Most space games task you with bringing a single space-faring nation into galactic dominance. But what if the entire canvas of sentient life in the galaxy was yours to weave? Then you’d be playing The Fermi Paradox demo.

You are the galactic gardener task with shepherding the development of intelligent life in your space. You have undefined powers (usually of clickling bubbles that list their effect, but also some multiple-choice events) to guide their development. It’s never explained how this works, but it does.
Aside from events you have to adjudicate, The Fermi Paradox tasks you with tracking five stats that determine how resilient a race is. Resources is the one that raises the most issues, as even stone-age people’s are liable to strip their environment clean and die out. Oops!
Ideally, you wouldn’t let races die out as it’s directly contrary to your goal. However, it all comes down to Synthesis points, which are gained via disasters (either in events like these or in the campaign map, where you can devastate non-sentient planets for a small trickle of Synthesis). The best outcome in any situation will demand Synthesis; the worst will give it to you. So do you just let a people meander towards a probably interstellar civilization? Or do you let die in a grand conflagration to gain Synthesis points to boost your favorites?

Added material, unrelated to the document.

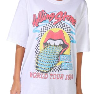 Juniors Rolling Stones Graphic Tee delivers iconic rock style with a classic crew neckline and short sleeves. The bold logo graphic on the front adds a timeless edge to any casual outfit. A must have for fans of legendary music and effortless fashion. Fabrication 100% cotton

Life does have a way of finding a way, and new races may crop up on uninhabited planets. They can act as replacements to the ones you already lost, or as another ward under your care, or just as a pool of Synthesis to harvest at an opportune moment.
Hopefully, their development will be smooth enough to the point where you can guide them through Civ-like epochs to reaching the stars… buy they will never be self-sufficient, in that they’ll never solve their problems themselves. Meanwhile, you’ll always see the costs and benefits of your actions. So looking over these space peoples is less like raising a child and more like looking after a particularly dim dog.

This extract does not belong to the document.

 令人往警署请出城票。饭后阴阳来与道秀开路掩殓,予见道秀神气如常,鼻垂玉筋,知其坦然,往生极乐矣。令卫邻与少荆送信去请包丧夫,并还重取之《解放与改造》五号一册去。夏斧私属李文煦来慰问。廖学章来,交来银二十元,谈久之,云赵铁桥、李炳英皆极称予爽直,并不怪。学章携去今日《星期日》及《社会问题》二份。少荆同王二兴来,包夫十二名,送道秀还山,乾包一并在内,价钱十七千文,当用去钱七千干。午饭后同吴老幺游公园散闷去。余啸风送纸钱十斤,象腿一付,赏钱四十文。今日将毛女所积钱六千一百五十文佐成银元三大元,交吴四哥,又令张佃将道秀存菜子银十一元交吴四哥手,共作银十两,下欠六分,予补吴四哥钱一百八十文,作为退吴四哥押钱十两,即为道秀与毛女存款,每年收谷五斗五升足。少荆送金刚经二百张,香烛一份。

Of course, since The Fermi Paradox demo featured humanity, I had the chance to witness a few takes on current issues. If you look into the banner image, I made humanity ban the Internet. I think preventing the rise of Facebook was worth it.
Was worth it to make the Prun bite the dust, however? Maybe – especially since they already had a colony ship full of outcasts making their way towards some planet they could colonize. Did I have fun playing The Fermi Paradox demo? Not really. The game looks smooth, but there’s a lot of dead air where I was just clicking Synthesis bubbles to get through the turns (you get one action per). Maybe there’s a real galactic gardener who’s also unhappy about the tedium of his work – that would explain the real-life Fermi paradox.